[SOURCE DATA — start]

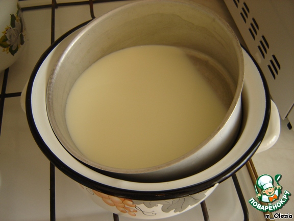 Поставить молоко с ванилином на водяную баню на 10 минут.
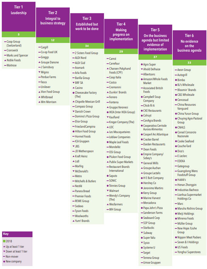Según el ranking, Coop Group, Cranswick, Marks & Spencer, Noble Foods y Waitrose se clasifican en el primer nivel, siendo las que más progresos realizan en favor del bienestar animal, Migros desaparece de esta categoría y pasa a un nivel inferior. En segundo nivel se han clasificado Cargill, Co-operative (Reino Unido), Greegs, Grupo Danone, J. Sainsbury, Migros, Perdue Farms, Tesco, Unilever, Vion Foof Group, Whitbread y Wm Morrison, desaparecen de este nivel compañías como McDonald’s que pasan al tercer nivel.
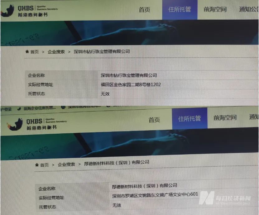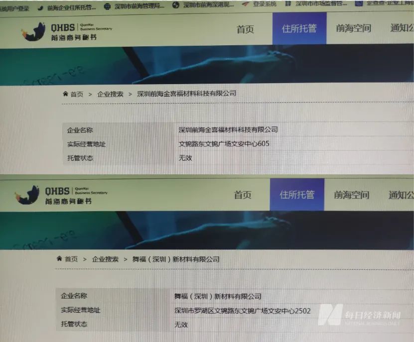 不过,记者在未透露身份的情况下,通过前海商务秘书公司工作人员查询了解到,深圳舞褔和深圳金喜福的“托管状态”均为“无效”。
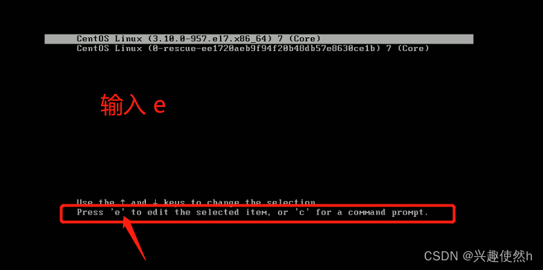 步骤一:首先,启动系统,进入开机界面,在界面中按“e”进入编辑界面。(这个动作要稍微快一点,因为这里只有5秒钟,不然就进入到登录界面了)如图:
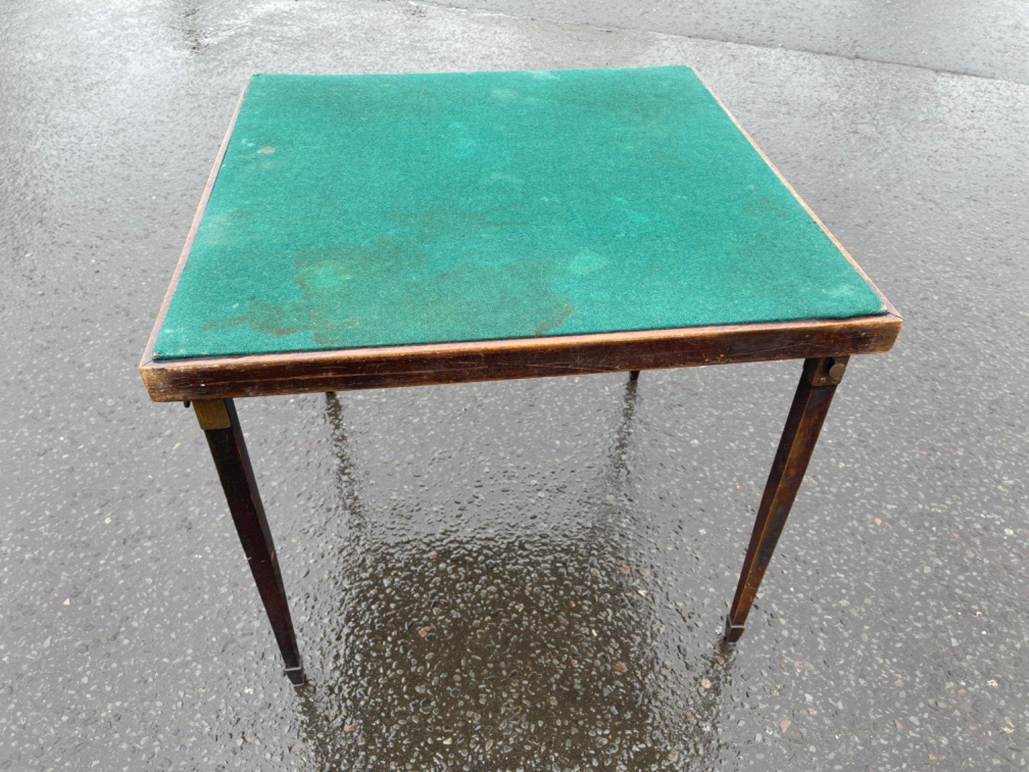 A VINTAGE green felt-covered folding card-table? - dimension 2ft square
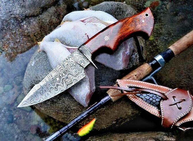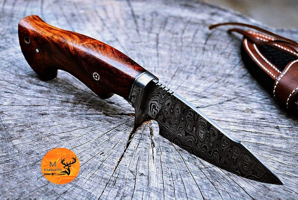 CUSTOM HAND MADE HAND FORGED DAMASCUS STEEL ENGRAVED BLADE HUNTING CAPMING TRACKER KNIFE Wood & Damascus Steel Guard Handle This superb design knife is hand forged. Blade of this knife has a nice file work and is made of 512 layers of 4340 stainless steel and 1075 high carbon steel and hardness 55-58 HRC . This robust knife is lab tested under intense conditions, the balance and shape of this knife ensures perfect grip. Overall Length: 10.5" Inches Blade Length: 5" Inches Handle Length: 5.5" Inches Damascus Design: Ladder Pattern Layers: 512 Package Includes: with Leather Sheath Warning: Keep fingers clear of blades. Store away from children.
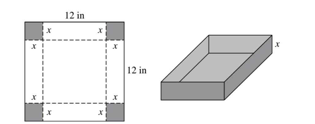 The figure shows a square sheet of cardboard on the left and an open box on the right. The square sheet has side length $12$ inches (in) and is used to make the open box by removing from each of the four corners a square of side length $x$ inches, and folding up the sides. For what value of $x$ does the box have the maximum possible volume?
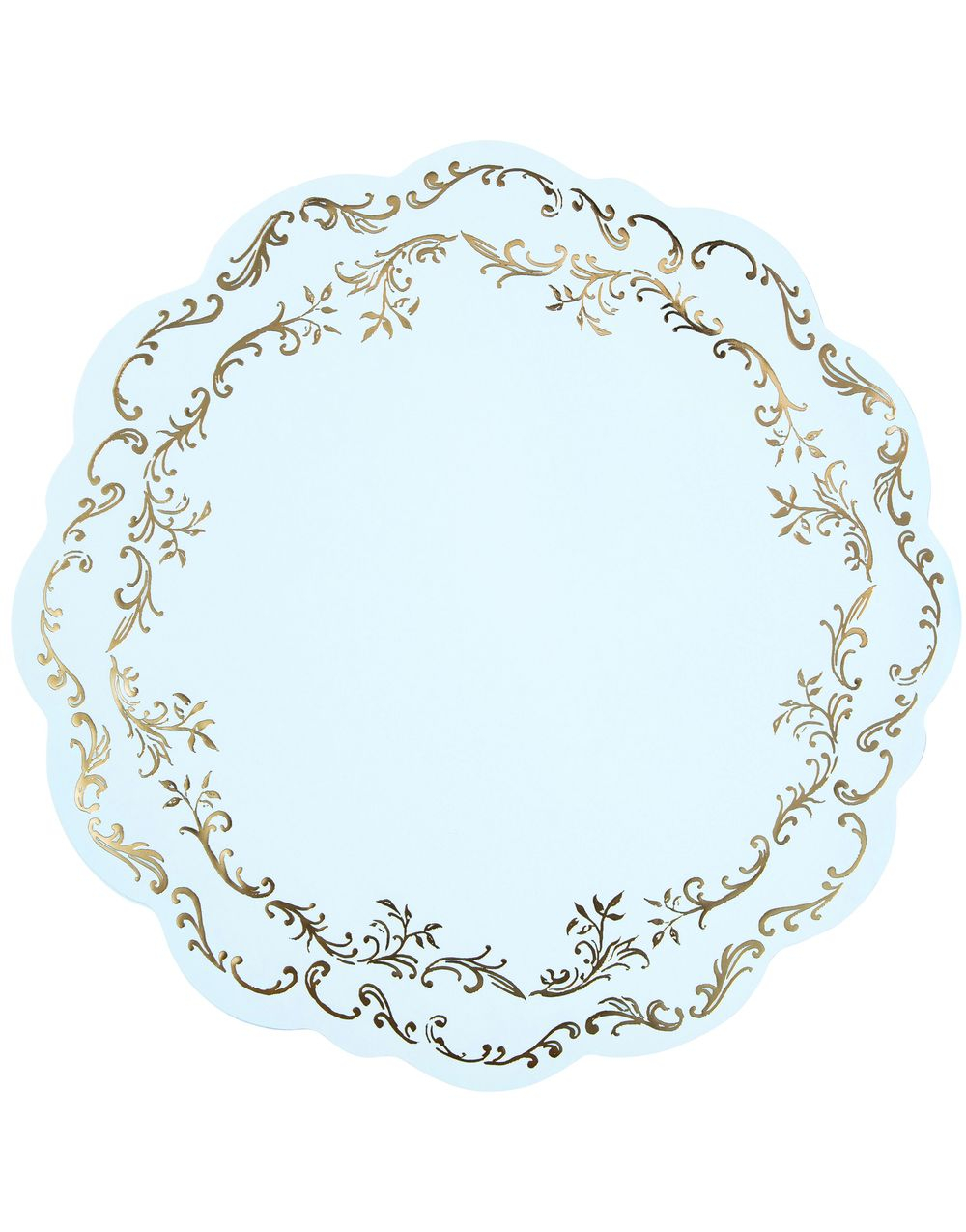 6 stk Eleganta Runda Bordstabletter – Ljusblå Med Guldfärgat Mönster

[SOURCE DATA — finish]
[SOURCE DATA — start]

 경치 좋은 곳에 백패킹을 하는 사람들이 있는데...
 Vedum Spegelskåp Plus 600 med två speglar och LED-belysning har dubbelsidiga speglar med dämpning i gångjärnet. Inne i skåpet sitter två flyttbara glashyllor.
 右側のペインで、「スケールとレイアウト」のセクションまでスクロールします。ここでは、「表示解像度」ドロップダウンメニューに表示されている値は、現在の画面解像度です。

[SOURCE DATA — finish]

__WORK ORDER__:
Write back the stretch of lines above that begins with the line holding "不过,记者在未透露身份的情况" and ends with the line holding "The figure shows", both included, exactly as written. Pictures stay out.

__RESULT OF THE TASK__:
 不过,记者在未透露身份的情况下,通过前海商务秘书公司工作人员查询了解到,深圳舞褔和深圳金喜福的“托管状态”均为“无效”。
 步骤一:首先,启动系统,进入开机界面,在界面中按“e”进入编辑界面。(这个动作要稍微快一点,因为这里只有5秒钟,不然就进入到登录界面了)如图:
 A VINTAGE green felt-covered folding card-table? - dimension 2ft square
 CUSTOM HAND MADE HAND FORGED DAMASCUS STEEL ENGRAVED BLADE HUNTING CAPMING TRACKER KNIFE Wood & Damascus Steel Guard Handle This superb design knife is hand forged. Blade of this knife has a nice file work and is made of 512 layers of 4340 stainless steel and 1075 high carbon steel and hardness 55-58 HRC . This robust knife is lab tested under intense conditions, the balance and shape of this knife ensures perfect grip. Overall Length: 10.5" Inches Blade Length: 5" Inches Handle Length: 5.5" Inches Damascus Design: Ladder Pattern Layers: 512 Package Includes: with Leather Sheath Warning: Keep fingers clear of blades. Store away from children.
 The figure shows a square sheet of cardboard on the left and an open box on the right. The square sheet has side length $12$ inches (in) and is used to make the open box by removing from each of the four corners a square of side length $x$ inches, and folding up the sides. For what value of $x$ does the box have the maximum possible volume?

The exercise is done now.